The shepherds were right to glorify and praise God. But Monday morning they went
back to work and the magic in the air and the sense that something amazing was
happening – it was like the lights and sounds of Christmas fading into drab January. One
ordinary day began stacking on top of another, and their sense of God wore off.
Everyday life can be so crushing. We get excited about God, but then we have to go to
work on Monday. Plus, we sin, and that’s a drag. It doesn’t mean we stop going to
church. It does mean we stop hoping.

There is another response. “But Mary treasured up all these things, pondering
them in her heart” (verse 19).

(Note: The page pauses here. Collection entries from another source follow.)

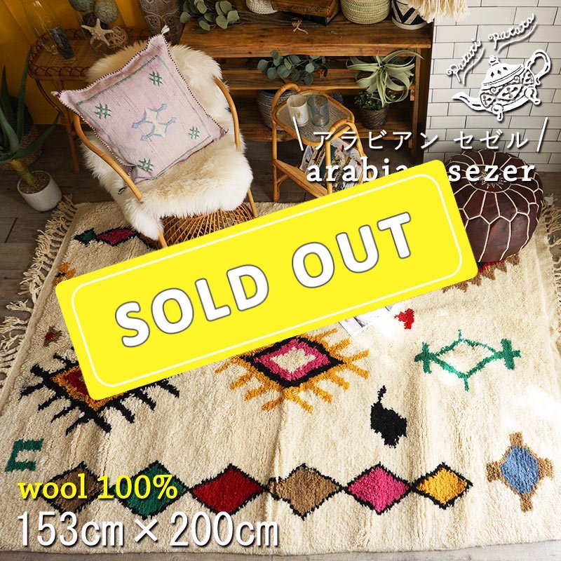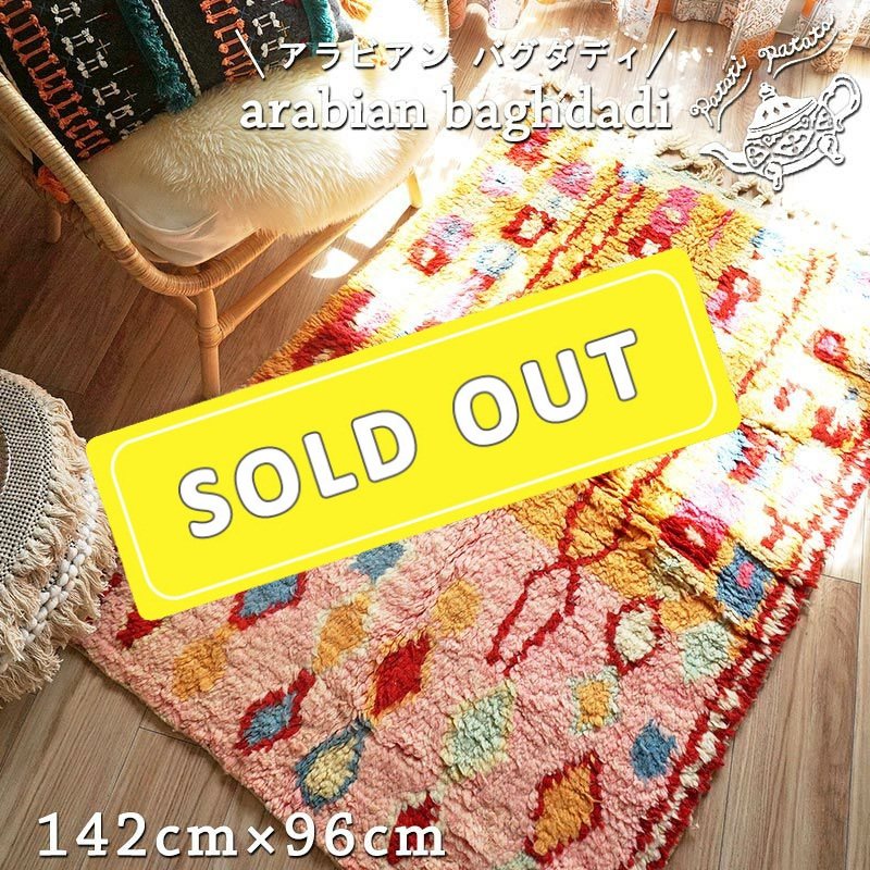モロッコ発!『ボシャルウィット』ヴィンテージカーペット・ラグ patati-patataV3-1 アラビアン ラーイ>140x76cm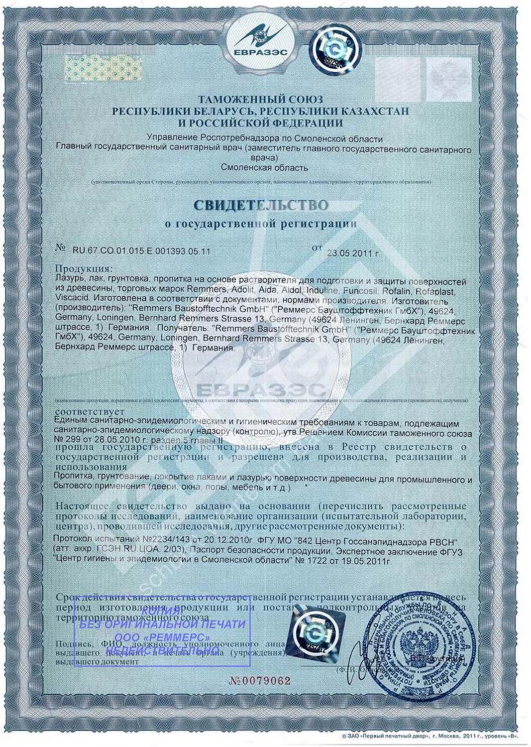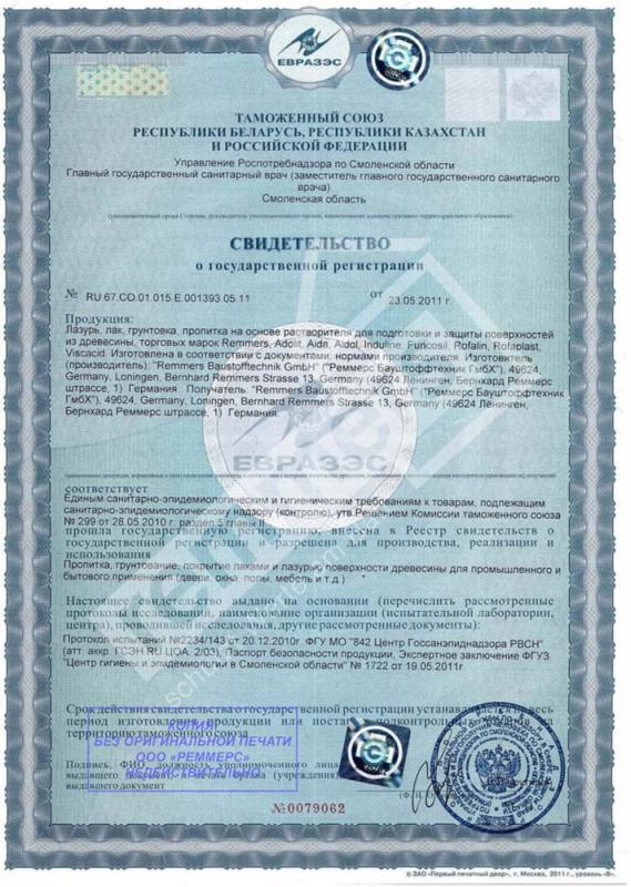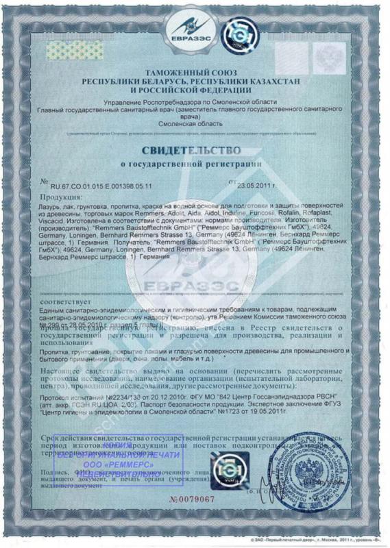 Сертификат ЕВРАЗЭС на лазурь, лак, грунтовку, пропитку на основе растворителя для подготовки и защиты поверхностей из древесины торговых марок Remmers, Adolit, Aida, Aidol, Induline, Funcosil, Rofalin, Rofaplast, Viscasid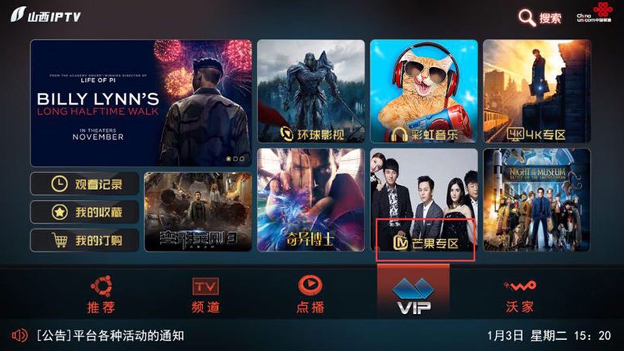 山西聯通,芒果TV專區

That word translated “treasure” means “to protect,
defend.” Mary defended within her thought world the truth about Jesus. She prized it.
She refused to let daily life beat it out of her. She said to herself, “I must never forget
what God has done. Jesus as my Savior, my Messiah, my Lord is now the treasure of my
life. What else is there for me?”

Mary also “pondered” these things in her heart. Not even Mary understood Jesus
fully. She had to think. This word “pondering” is what we mean by “connecting the
dots.” Mary began to put together a growing understanding of Jesus from the Bible. And
she grew, she went deeper, while others just lost interest.

You and I don’t need to see an angel. Angels come and go. Spectacular
experiences come and go. What we need is something that can work all the time. What
is that? This good news of great joy about our Savior, our Messiah, our Lord. All that he
is is for us in all that we need. He is saying today, “I am yours. Will you be mine?”